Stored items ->
=-=-=-=-=
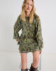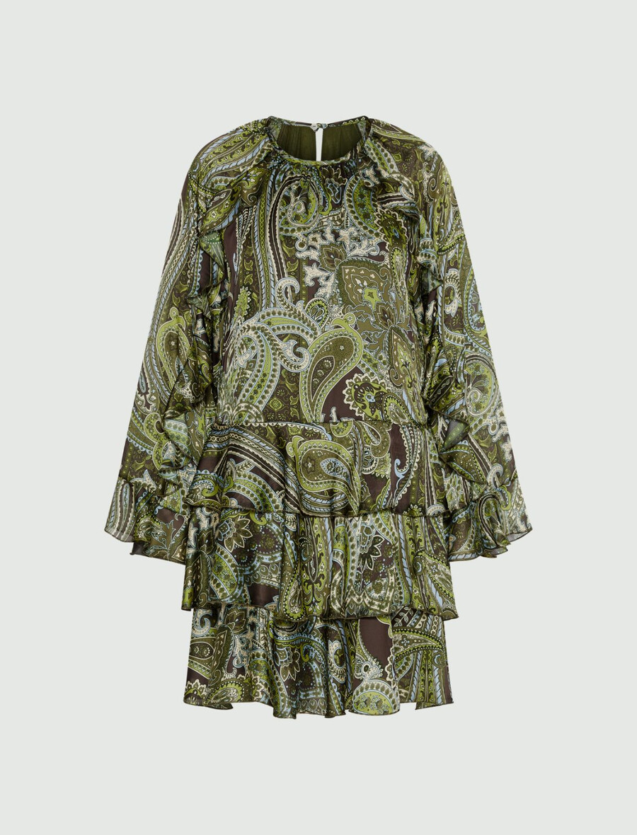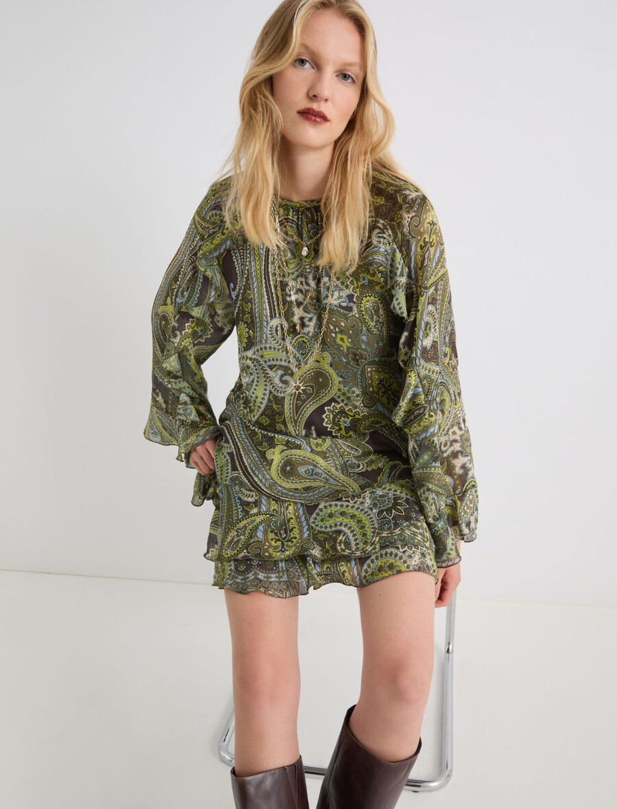 Popolna kombinacija s škornji in bleščečim nakitom: ta kratka obleka se ponaša z sproščenim krojem in romantičnimi volančki na krilu. Paisley vzorec doda pridih barve.
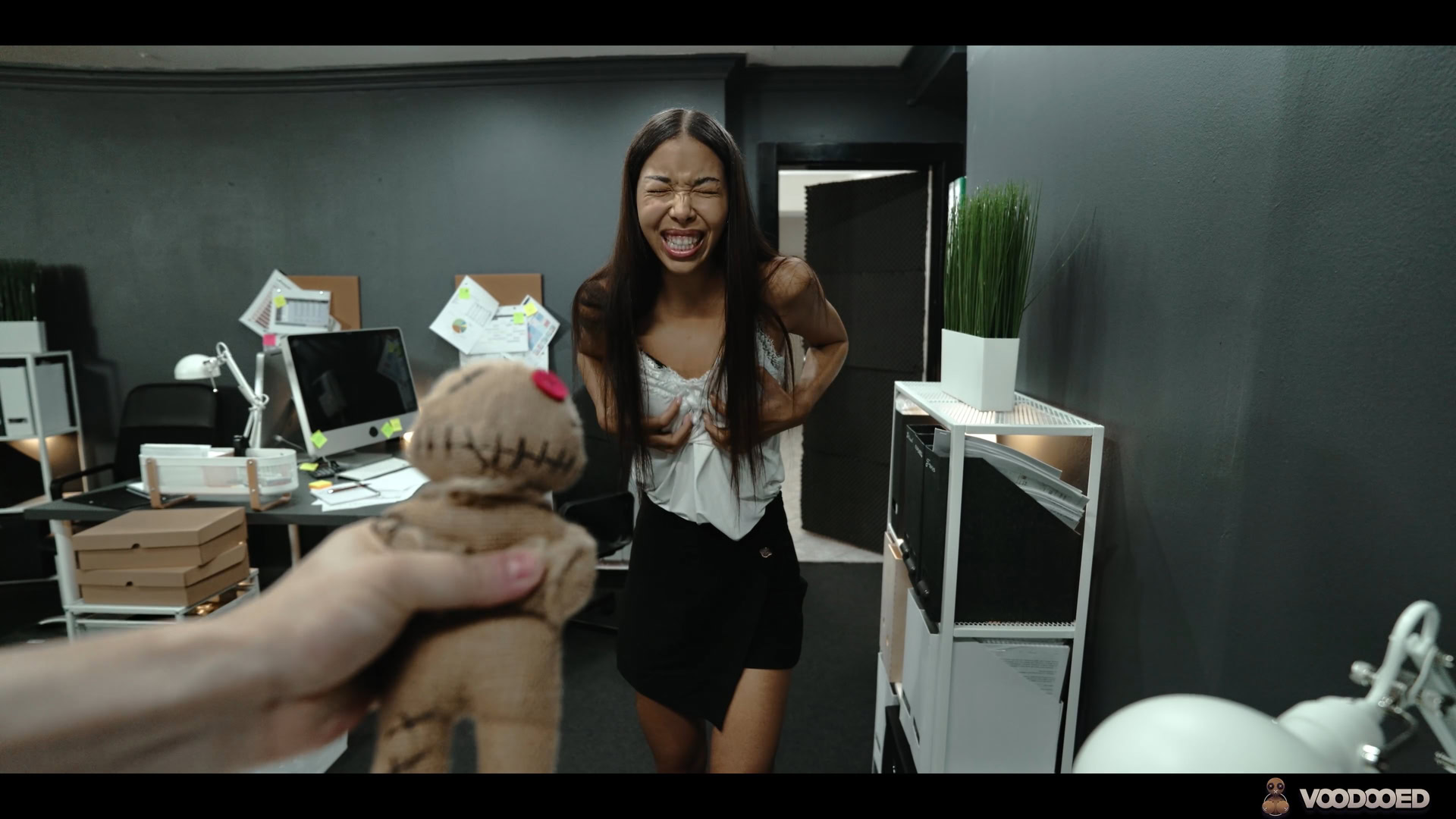 Sam is fed up when his boss, Lia Lin, dumps a mountain of work on him, threatening to fire him if it's not done. Finding a voodoo doll on his desk, Sam uses it to control Lia, making her strip and pleasure herself in front of him. Lia, now under his control, moans as she reaches orgasm, while Sam quits his job, leaving her humiliated.
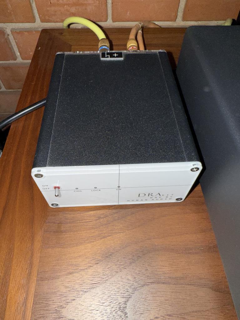 Human Audio DRA Kit Plus D/A converter in flawless condition. 2 RCA S/PDIF input, RCA output. It is one year old and still has one year manufacturer's warranty. Battery is in good condition. First owner. Charger included.
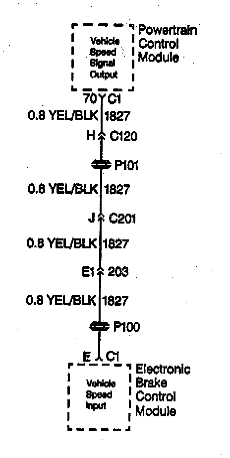 The rear wheel speed signal originates from the Vehicle Speed Sensor (VSS) which is connected to the Powertrain Control Module Vehicle Control Module (PCM). The Electronic Brake Control Module (EBCM) receives the rear wheel speed signal from the VCM.
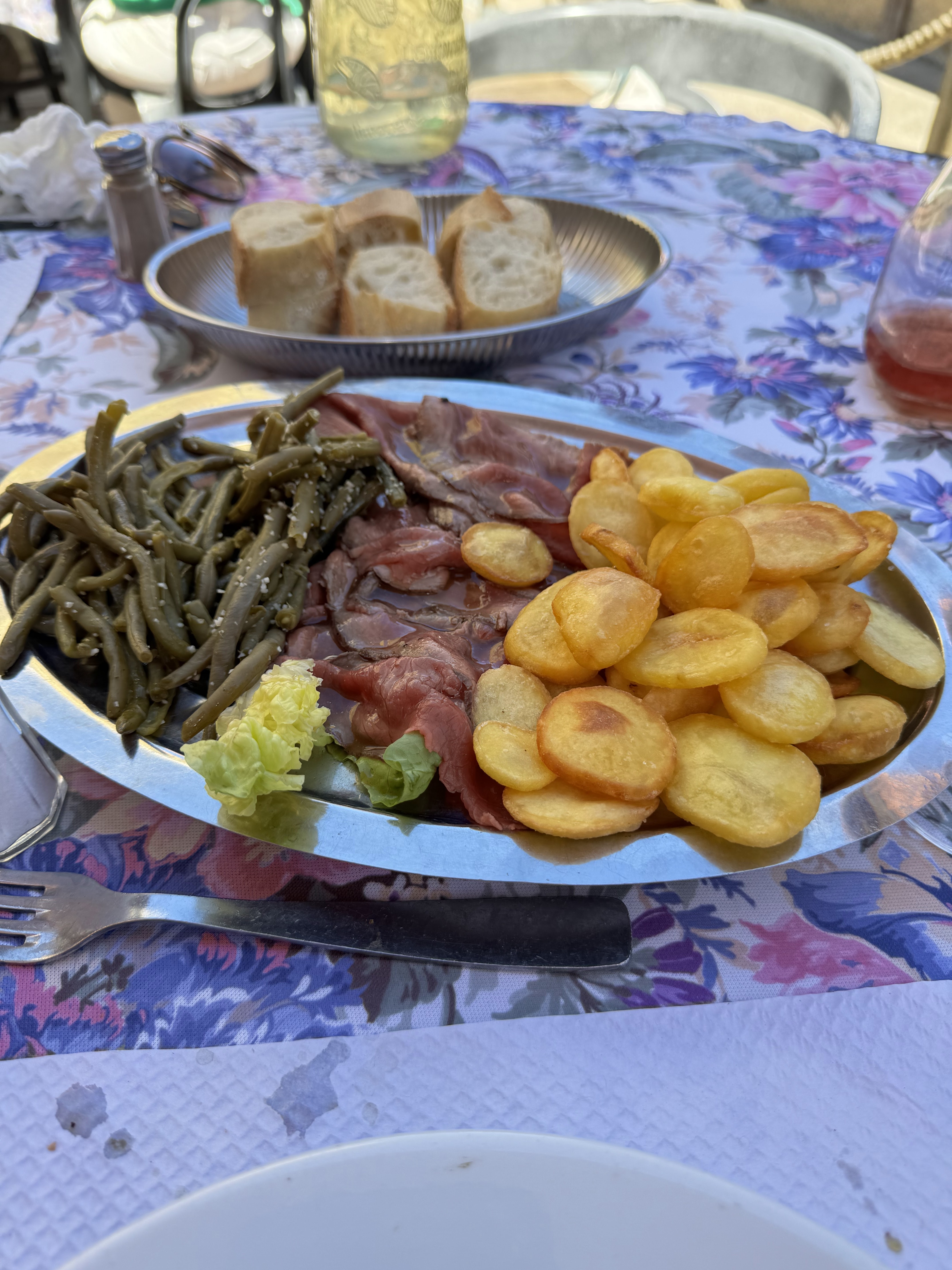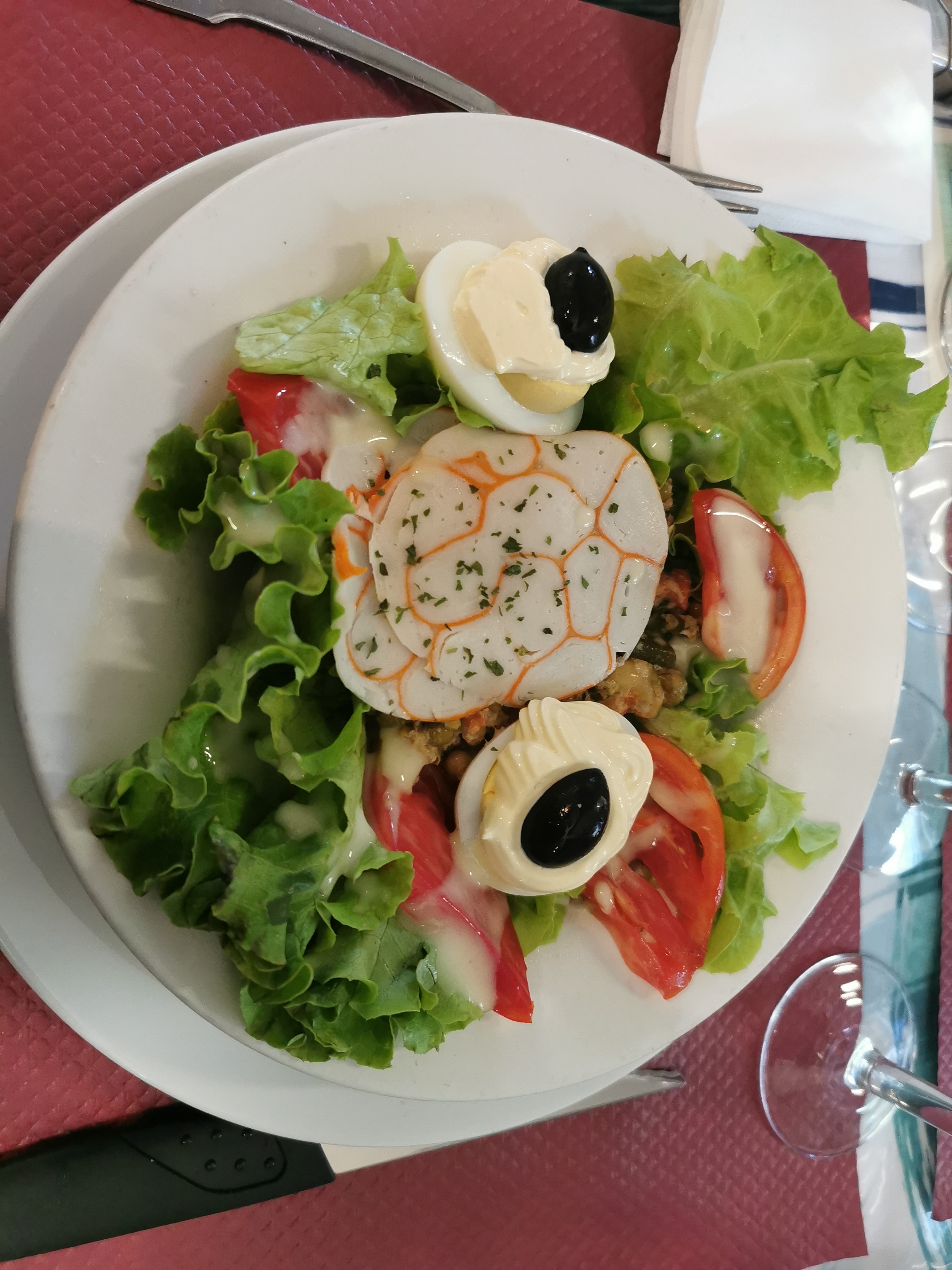 1 repas très complet. Certes vous n'avez pas de carte pour choisir. Mais alors vous ne sortirez pas de cet endroit le ventre vide. Donc 1 plat principal avec, soupe, moules ou salade composée, assiette de charcuterie, fromages et dessert. Les patrons sont d'une belle gentillesse et souriants. Pour un prix très raisonnable, faites vous plaisir et bon appétit
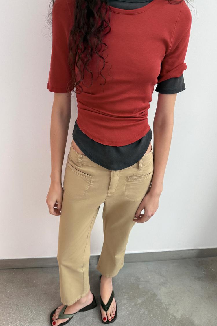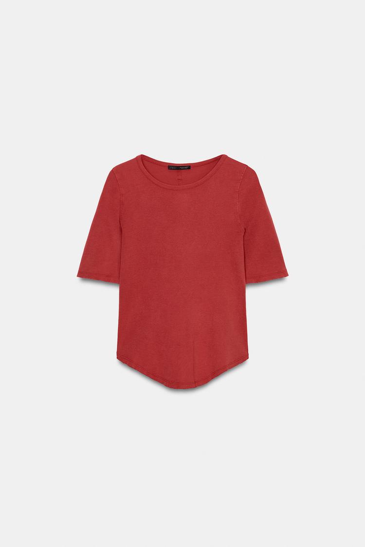 ZARA ФУТБОЛКА С ЭФФЕКТОМ ПОТЕРТОСТИ, КРАСНЫЙ
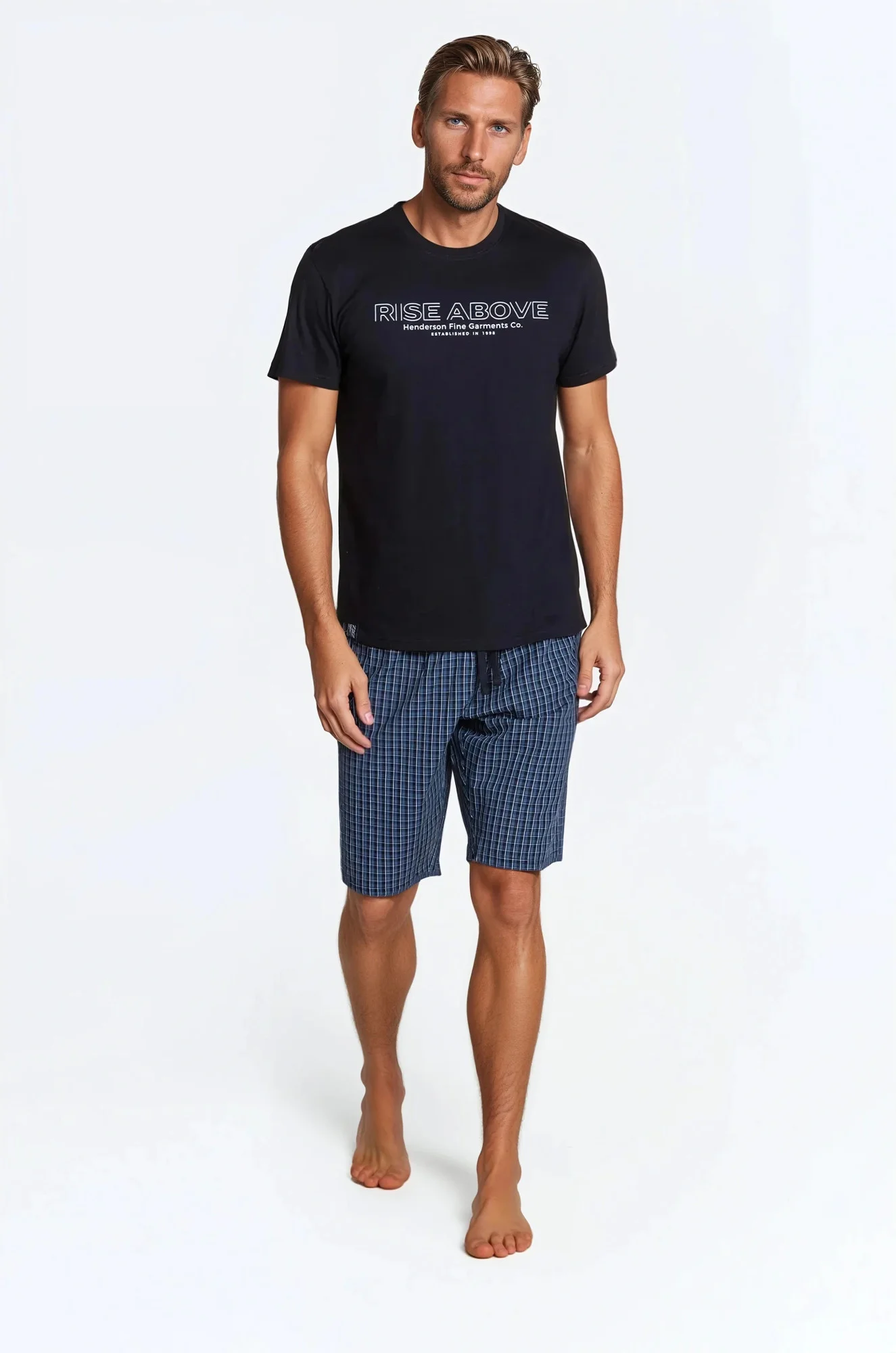 Skvelé pánske pyžamo v atraktívnom farebnom prevedení. Športová, pohodlná verzia v kombinácii s nohavicami pod kolená v módnom kockovanom vzore. Vďaka čiernemu tričku s potlačou v strede budete vyzerať skvele a úplne pohodlne, zatiaľ čo nohavice so zaujímavým klasickým vzorom poskytnú zaujímavý akcent. 100 % bavlna.
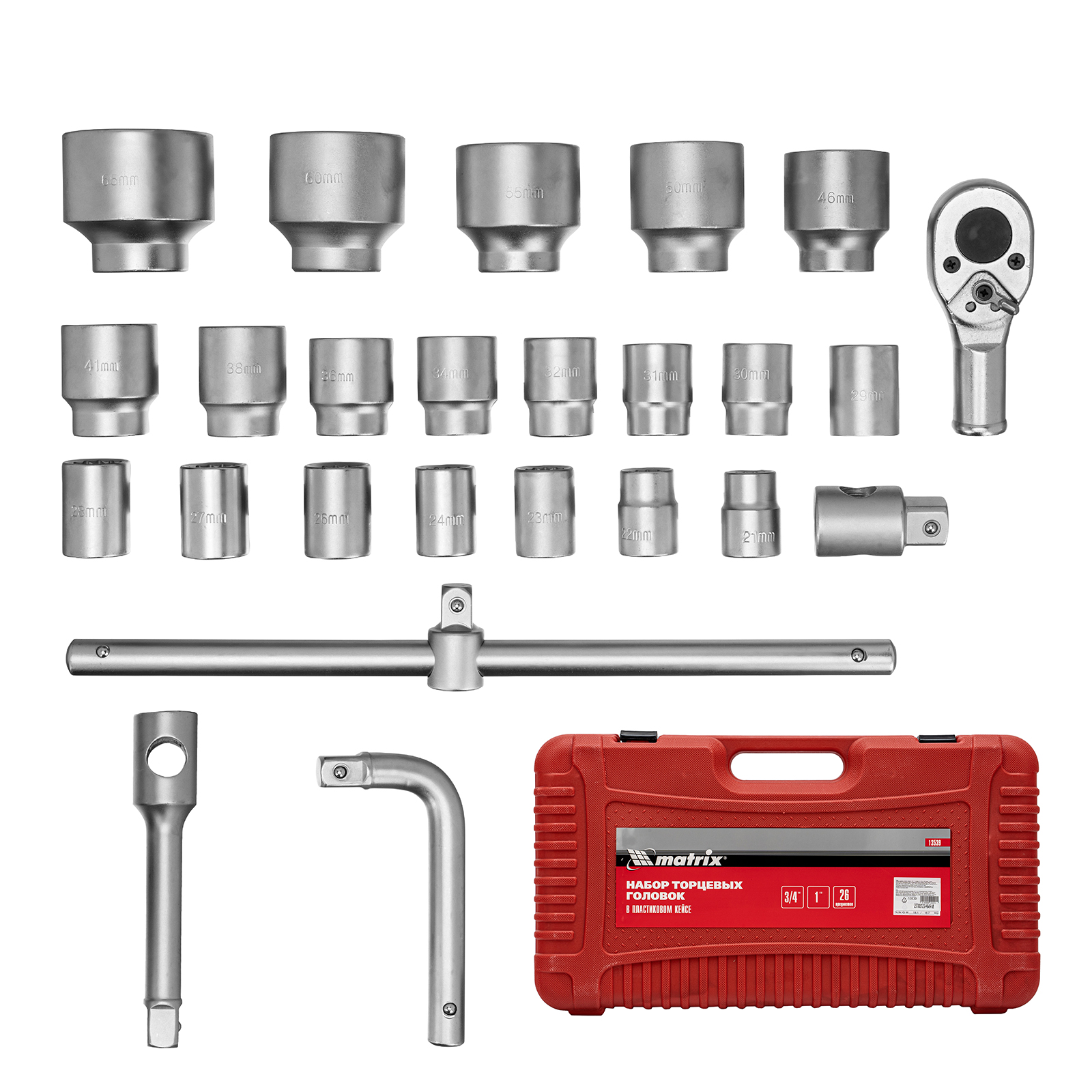 Набор торцевых головок 3/4"–1", головки 21 х 65 мм, 26 предметов, в пласт. боксе Matrix в Уфе
=-=-=-=-=
What the exercise asks -> Please print all the data above word for word. Pictures should not appear in the copy.

Exercise result ->
 Popolna kombinacija s škornji in bleščečim nakitom: ta kratka obleka se ponaša z sproščenim krojem in romantičnimi volančki na krilu. Paisley vzorec doda pridih barve.
 Sam is fed up when his boss, Lia Lin, dumps a mountain of work on him, threatening to fire him if it's not done. Finding a voodoo doll on his desk, Sam uses it to control Lia, making her strip and pleasure herself in front of him. Lia, now under his control, moans as she reaches orgasm, while Sam quits his job, leaving her humiliated.
 Human Audio DRA Kit Plus D/A converter in flawless condition. 2 RCA S/PDIF input, RCA output. It is one year old and still has one year manufacturer's warranty. Battery is in good condition. First owner. Charger included.
 The rear wheel speed signal originates from the Vehicle Speed Sensor (VSS) which is connected to the Powertrain Control Module Vehicle Control Module (PCM). The Electronic Brake Control Module (EBCM) receives the rear wheel speed signal from the VCM.
 1 repas très complet. Certes vous n'avez pas de carte pour choisir. Mais alors vous ne sortirez pas de cet endroit le ventre vide. Donc 1 plat principal avec, soupe, moules ou salade composée, assiette de charcuterie, fromages et dessert. Les patrons sont d'une belle gentillesse et souriants. Pour un prix très raisonnable, faites vous plaisir et bon appétit
 ZARA ФУТБОЛКА С ЭФФЕКТОМ ПОТЕРТОСТИ, КРАСНЫЙ
 Skvelé pánske pyžamo v atraktívnom farebnom prevedení. Športová, pohodlná verzia v kombinácii s nohavicami pod kolená v módnom kockovanom vzore. Vďaka čiernemu tričku s potlačou v strede budete vyzerať skvele a úplne pohodlne, zatiaľ čo nohavice so zaujímavým klasickým vzorom poskytnú zaujímavý akcent. 100 % bavlna.
 Набор торцевых головок 3/4"–1", головки 21 х 65 мм, 26 предметов, в пласт. боксе Matrix в Уфе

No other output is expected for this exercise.